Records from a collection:
[Start of section]
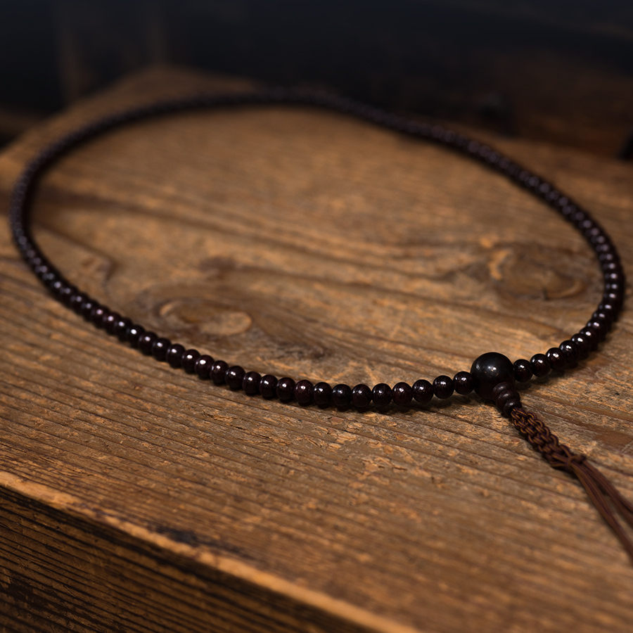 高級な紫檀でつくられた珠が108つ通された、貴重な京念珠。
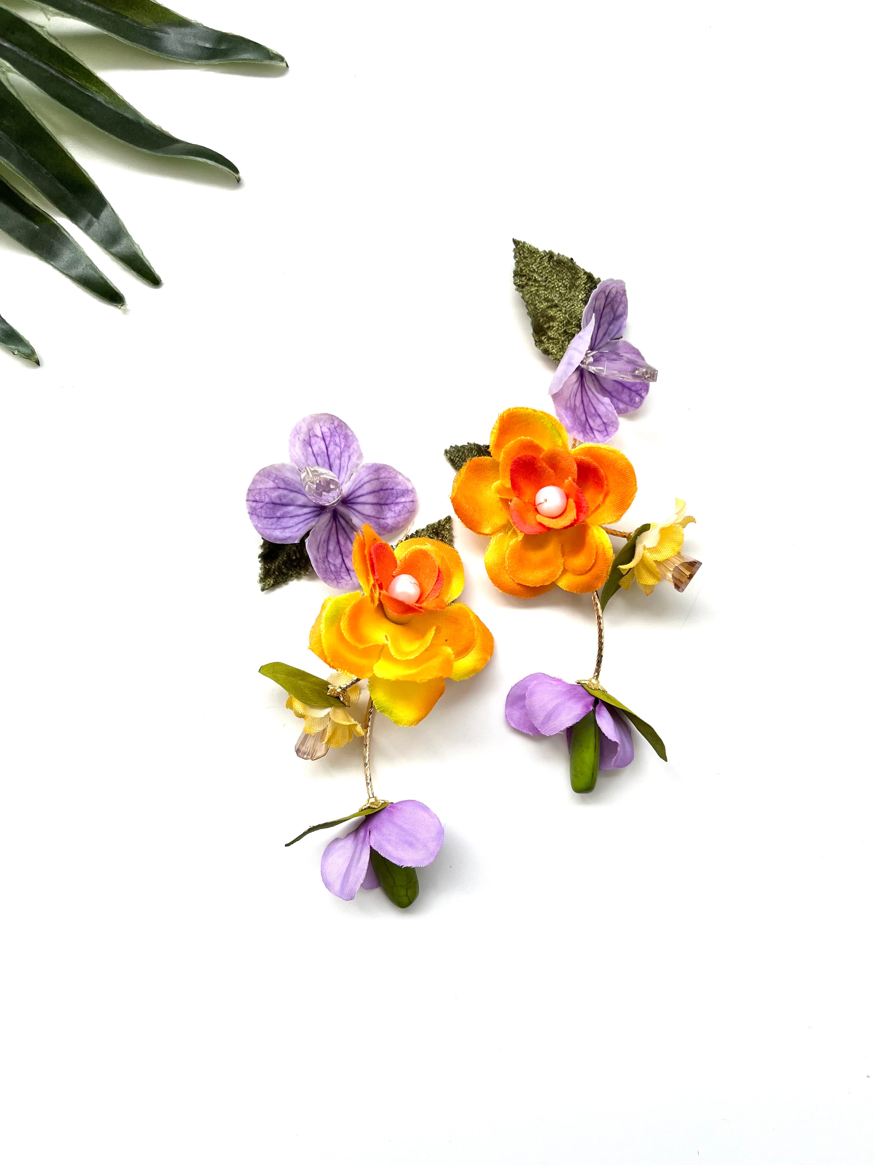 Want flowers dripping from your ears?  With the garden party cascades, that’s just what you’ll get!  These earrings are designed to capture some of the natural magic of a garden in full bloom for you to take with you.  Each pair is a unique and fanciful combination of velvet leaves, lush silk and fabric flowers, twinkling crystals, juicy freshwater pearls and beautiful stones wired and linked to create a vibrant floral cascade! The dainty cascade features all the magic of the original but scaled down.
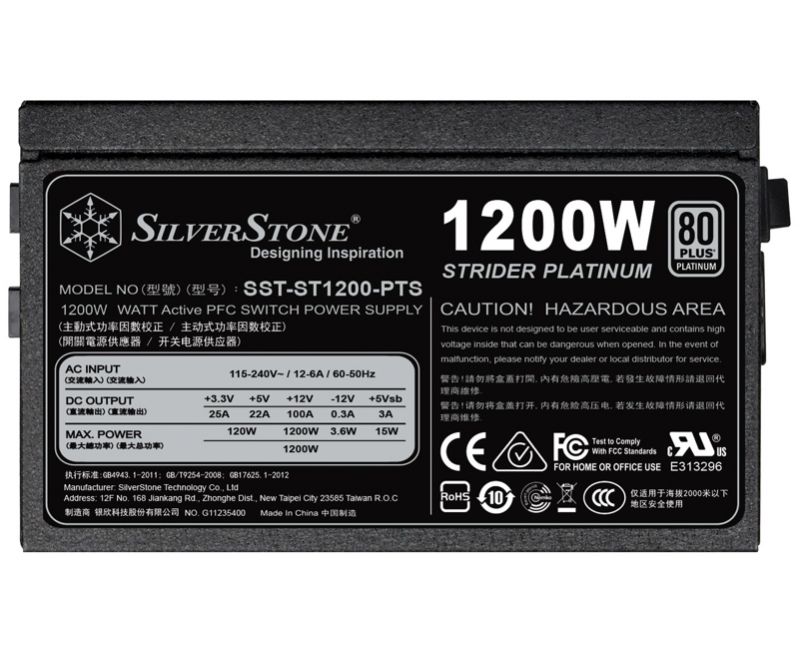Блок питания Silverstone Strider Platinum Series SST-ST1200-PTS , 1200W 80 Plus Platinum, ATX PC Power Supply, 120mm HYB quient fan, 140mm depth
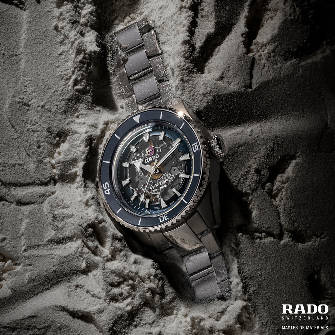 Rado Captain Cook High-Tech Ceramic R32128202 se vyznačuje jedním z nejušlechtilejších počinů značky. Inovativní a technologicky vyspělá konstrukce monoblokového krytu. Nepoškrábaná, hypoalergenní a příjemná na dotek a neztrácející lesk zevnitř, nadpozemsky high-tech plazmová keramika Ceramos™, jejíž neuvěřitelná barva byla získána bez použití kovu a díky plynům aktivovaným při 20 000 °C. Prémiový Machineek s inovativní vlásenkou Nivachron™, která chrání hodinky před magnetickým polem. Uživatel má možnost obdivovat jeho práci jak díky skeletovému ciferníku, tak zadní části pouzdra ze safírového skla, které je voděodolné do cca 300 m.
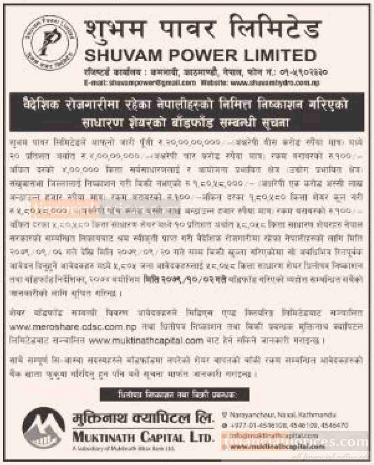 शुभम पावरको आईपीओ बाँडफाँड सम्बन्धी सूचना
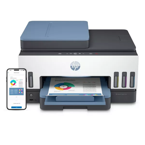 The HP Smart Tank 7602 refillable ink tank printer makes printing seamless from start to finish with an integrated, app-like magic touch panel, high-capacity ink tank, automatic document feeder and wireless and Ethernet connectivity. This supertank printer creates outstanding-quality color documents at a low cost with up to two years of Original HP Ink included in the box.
[End of section]
- [What is needed] Starting at the line that contains "शुभम पावरको आईपीओ बाँडफाँड सम्बन्धी सूचना", transcribe each line through the last one of the entries above, exactly and without pictures.

- [Task output]
 शुभम पावरको आईपीओ बाँडफाँड सम्बन्धी सूचना
 The HP Smart Tank 7602 refillable ink tank printer makes printing seamless from start to finish with an integrated, app-like magic touch panel, high-capacity ink tank, automatic document feeder and wireless and Ethernet connectivity. This supertank printer creates outstanding-quality color documents at a low cost with up to two years of Original HP Ink included in the box.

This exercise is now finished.